Results and Discussion
The three themes of CPD, Community and Professional Identity are addressed in turn with selective illustrative quotes from the seventeen participants.
CPD
The strongest and most consistent finding from the data was teachers’ conviction that conferences represent an almost unrivalled CPD opportunity. Teachers linked this to professionalism by claiming that exposure to a kaleidoscope of input improves their practice. Although the participants, as indicated in Table 1, represented a large variation in teaching experience, and worked in different contexts, conferences were effective providers of CPD across the board. Prisha, a regular attender of the IATEFL annual conference, illustrated this point:
“I always come back with something new, something I’ve picked up from one of the sessions. It’s amazing really what you can go to, there’s so much choice, too much really.”
The notion of “choice” span across much of the data, as understood in terms of variety of content and mode of delivery, for example talks and workshops. As touched on earlier with reference to Finnegan et al. (2019), part of the attraction of conferences is the ability to select what and how to learn. Autonomy of practice is often regarded as an attribute of professionalism (cf., Evans, 2011), and the data suggest this freedom of choice extends to CPD uptake.

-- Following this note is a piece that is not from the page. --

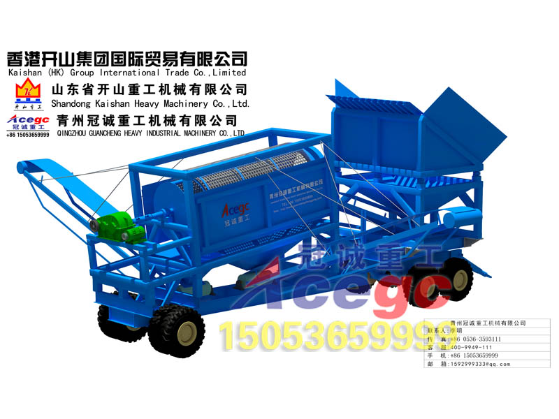 底盤框架主要由30#工字鋼組成,含12條900#輪胎。振動(dòng)料倉(cāng)篩條使用工鋼縱向間隔8CM布置,料倉(cāng)使用5mm厚鋼板焊接。滾筒篩凈篩孔長(zhǎng)度3米,內(nèi)直徑1.2米,外直徑1.5米,含污泥絞洗裝置,主框架使用15#方管焊接,料倉(cāng)使用5mm鋼板焊接。

Further probed as to how CPD was connected to professionalism, Sean’s response was:
“You need to keep up-to-date these days, we all do. Like I was saying before, I’m not really into tech stuff myself but the kids are, so it’s kind of expected, that’s why I went to [name of presenter]’s session.”
Sean’s comment reflects a universal feeling that conferences represent innovation and best practice in ELT and corroborates both the non-ELT (e.g., Shannon et al., 2019) and ELT literature (e.g., Lamb, 2012) in identifying conferences primarily with CPD. Disappointment was expressed with individual sessions; for instance, Magda expected “more from such a big name”. There were suggestions for how the programme could be customised, as when Mei said that she felt there was “not enough on very young learners”. Overall, however, teachers perceived conference attendance as a visible indicator of professionalism.

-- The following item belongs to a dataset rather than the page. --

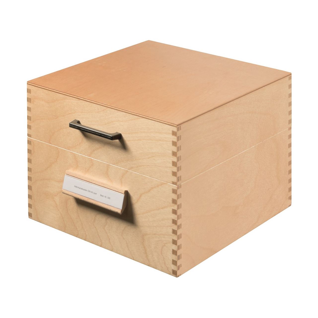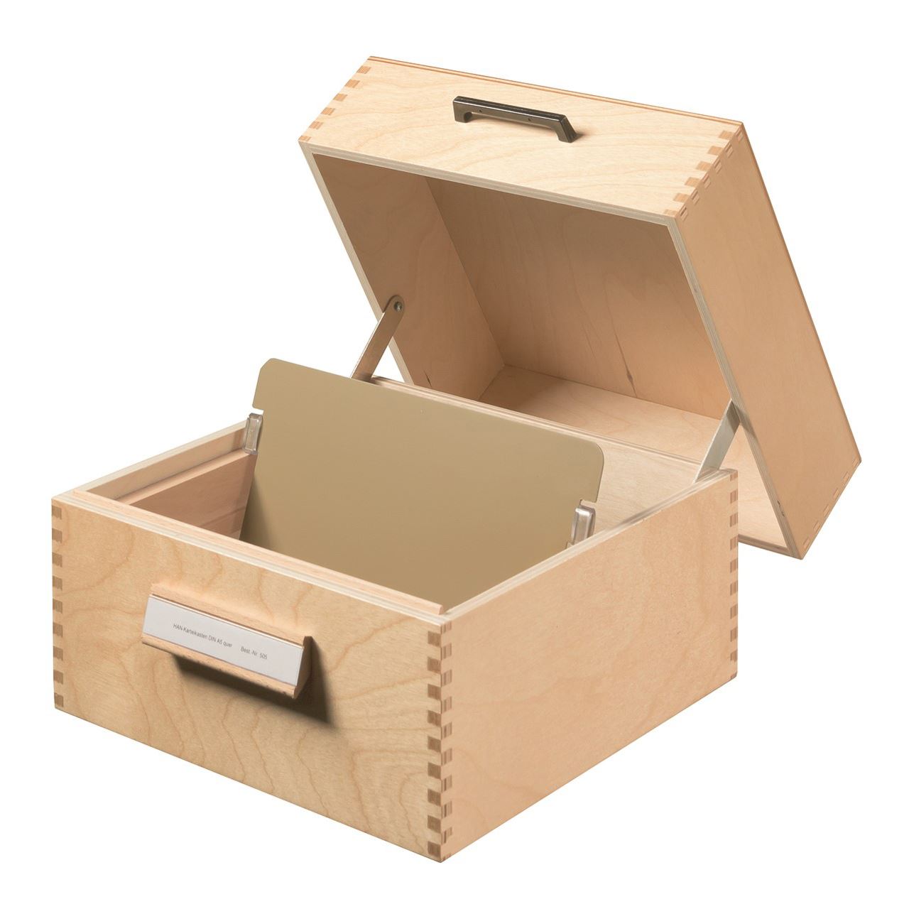 Karteikasten DIN A5 quer, für 900 Karten, inkl. einer Metallstütze. In hochwertiger Erbstück-Qualität schlicht, zeitlos, langlebig und extrem strapazierfähig. Die individuelle Holzstruktur unterstreicht die Besonderheit dieses edlen Naturprodukts. Mit solidem Metallboden, stabiler Metallstütze sowie wegklappbarem Deckel mit Griff und Beschriftungsfeld. Rutschfest durch möbelschonende Filzfüße. Fassungsvermögen: 900 Karten. Verwendung für Kartenformat: DIN A5 quer. Zubehör optional: Register A-Z DIN A5, quer (Art.-Nr. 985) und DIN A5 Metallstütze (Art.-Nr. 5). Made in the EU. Außenmaße (B x T x H): 255 x 250 x 190 mm. Material: Holz (Birke). Farbe: naturholz.

Eight participants had presented at a conference, and this experience was highly estimated as a CPD exercise. As Hickson (2006) highlighted, beyond its value as a personal CPD opportunity, presenting brings benefits to the wider community, who may not have been at the conference. Francesco commented:
“I guess in a way they do [have an impact on CPD] for example if I think about [name of organisation], when we had people who had attended conferences, they came back and they presented what they’d seen etc. Then it obviously had, it was obviously good for professional development because we learned a lot.”

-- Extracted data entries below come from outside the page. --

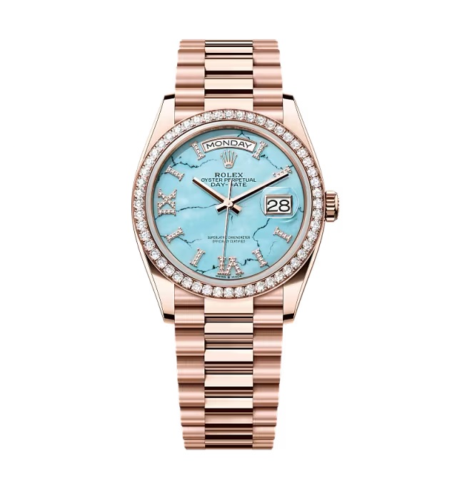 Superclone Rolex Day-Date Turquoise Diamond Dial 128345rbr-0064 36 mm
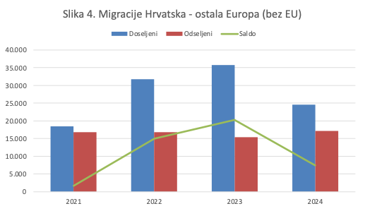 Metodologija je važna jer Europa koja nije EU – osobito Bosna i Hercegovina, Srbija, Makedonija i Ukrajina – značajno je ishodište doseljavanja u Hrvatsku (Ukrajina tek nakon početka rata 2022.). Migracijski saldo s tim zemljama (Slika 4) i dalje je pozitivian, ali je manji nego 2022. i 2023. To je rezultat naglog pada doseljavanja 2024. u odnosu na 2022. i 2023. godinu što objašnjavamo stabilizacijom života u ratom pogođenoj Ukrajini: tko je želio i mogao iseliti, iselio je u prve dvije ratne godine i sada se hrvatski migracijski saldo s ostalom Europom koja nije u EU normalizira između 5 i 10 tisuća na godinu.
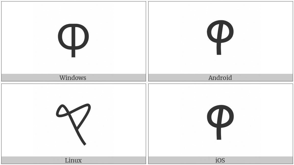 The image below shows how the “Phoenician Letter Qof” symbol might look like on different operating systems. If the font in which this web site is displayed does not contain the symbol and there is no fallback font able to render it, you can use the image below to get an idea of what it should look like.

Two more comments referred to a cascade effect, which shows awareness that those privileged to attend conferences should share their learning. This duty was expressed in educational terms but commentators on professionalism, including Evans (2013), point out that there are ethical issues if CPD is self-contained: while professionalism is an individual responsibility, knowledge and values must be distributed across the field. This cannot be done in a vacuum where those who have access to CPD guard it to their own advantage.
The majority of participants also highlighted resources as an important take-away form of CPD. These comments referred to the resources exhibitions that are common to international and local conferences alike and complimentary materials distributed by publishers, often in sessions they sponsored, as Neil testified:
“I bought that book [name of presenter] wrote and got her to sign it at the stand.”
The term resources also includes technology. and several comments, for example, Oksana’s, below, suggest that teachers intended to use the technology in class:
“I’ll tell my students to download the app, because it looked useful.”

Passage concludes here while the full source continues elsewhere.